Everyone into the pool! Hot thick air…swirling and twirling around the edges of the pool…and everyone can’t wait to get in, jump in, dive in! Simmering heated broth on this blistering June afternoon…one potato, two potatoes, three potatoes…hmmm. Children in the sunshine soup…must be eating a lot of potatoes out there…plop! No hitter, no hitter, no hitter…swing!

Flop! Blurp! Slop…sloppy, slippery, ploppery…one chunk, two chunks, three chunks…four. Childhood obesity right in front of my weary eyes…every imaginable ethnicity and demographic…all wet and chubby bubby and rolling all around…swimming all around in the cooking pool water…all the statistics, all the news charts, all the warnings…and everyone can’t wait to get into the pool…into the water…into the potato salad, the hot dogs, the chips…corn syrup for everyone, my friends!
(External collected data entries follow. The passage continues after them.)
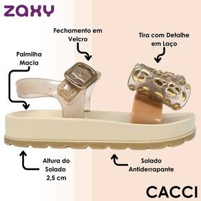 Possui fechamento por tira autocolante facilitando no calce, seu solado é antiderrapante de altura de 2,5 cm de altura ele garante conforto e estabilidade aos passos. Sandália perfeita para diversas ocasiões, seja uma festinha, um passeio e até mesmo para a escolinha.
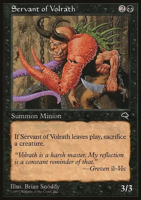 When Servant of Volrath leaves the battlefield, sacrifice a creature.
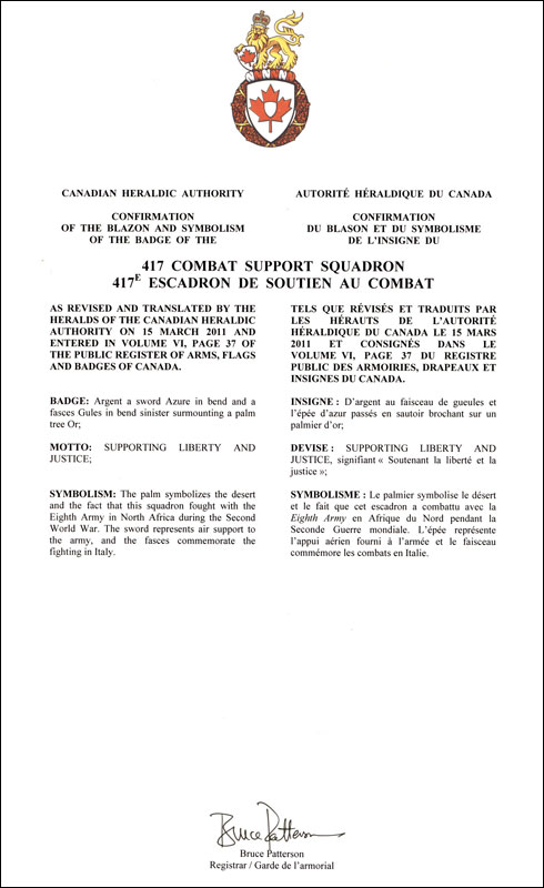 Badge of the 417 Combat Support SquadronBlazonArgent a sword Azure in bend and a fasces Gules in bend sinister surmounting a palm tree Or; SymbolismThe palm symbolizes the desert and the fact that this squadron fought with the Eighth Army in North Africa during the Second World War. The sword represents air support to the army, and the fasces commemorate the fighting in Italy. |
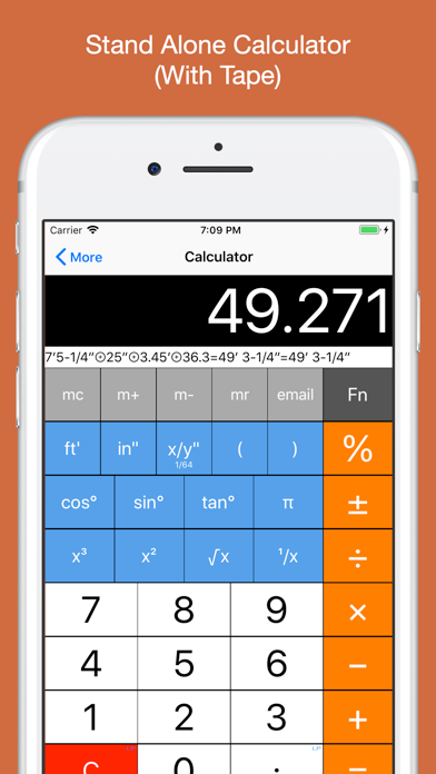 ◆Calculate (add, subtract etc) directly in feet / inches / fractions or decimals.
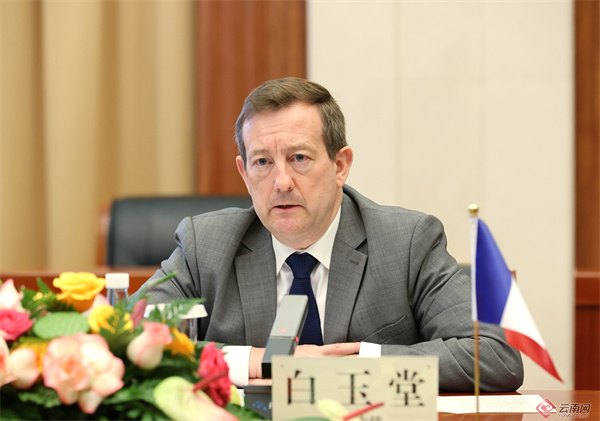 白玉堂对云南发展取得的成绩表示祝贺。他说,云南历史悠久、环境优美,与法国交往交流基础深厚。希望双方以两国元首达成的重要共识为指引,以法中文化旅游年、巴黎奥运会等为契机,持续深化经贸、生物多样性、教育、医疗、语言培训等领域交流合作,实现共赢发展。
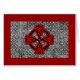 Une croix celtique rouge figurant sur un fond délabré noir et blanc
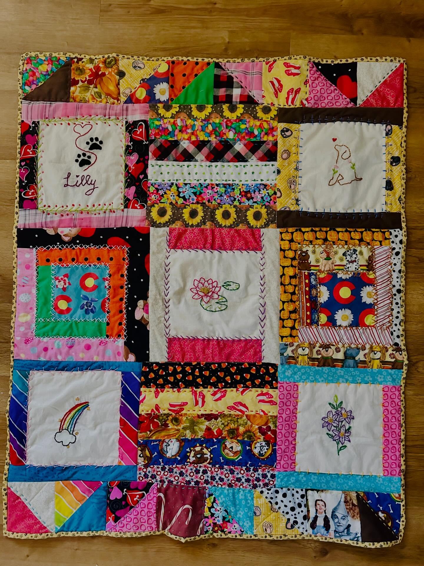 I also hand embroidered a pew patches to include in the quilt that resembled her the most including her name.

And everyone can’t wait to dive in…sludgy, budgy, pudgy…summer sugar babies…swimming around, floating around, rolling around in the frothy cooling broth. Bubbling up from the bottom…troubling up from the bottom…and everyone into the pool!

May 30, 2023

To remember the specific detail, the forgotten temperament, the smaller person, the subtle color…that was everything. Drowning in the bigger picture, the never ending noise…the busy world which would not cease talking and posting. It was time for the single petal, the nuanced emotion of a child’s face, vanished in a split second.

To miss these details, in the end meant missing absolutely everything important.

She was desperate to paint, to breathe, to touch the lost second, the unheard words…the skin’s touch…the truth.

May 29, 2023

In the waning hours of summer and in the newness and damp of autumn, we built a house. We planted a tree. The foundation settled and we painted walls. The front yard wound around grassy clumps, sprouting fresh, surprised weeds and we walked around and around together deciding where lilacs and hydrangeas and trees might settle.

Then…it was a long, deathful winter; desolate and grey and flat with each new morning dawning early and cold. Waking with hot coffee, a book or two and the resolve to see the sunrise, I pursued nothing with any interest. My mind thinned.

And then in April, I looked up and noticed a bird chirping wildly outside my home. He sang out brilliantly and I rose up and I looked for this bird, this feathered fluttering ball perched outside on the thinnest reed, a mere willow wisped branch of the tree we planted when we built the house.

Nestled on the barest edge of eternity, cocking his head on a greening limb, every chirp and warble wiggled the leaves and shook the infant tree as it struggled to sustain the bird’s chubby plump enthusiasm.

The branch stretched, just thick enough to hold him; barely. He sang his heart out as I peeked around the curtain. In time I returned to my book and listened for a while longer. He vanished around 6:20am.

What kept me from him so long as I sat in thin places? I nestled at length in clouds, waiting for a thicker branch to grow; hoping for a thicker branch to grow.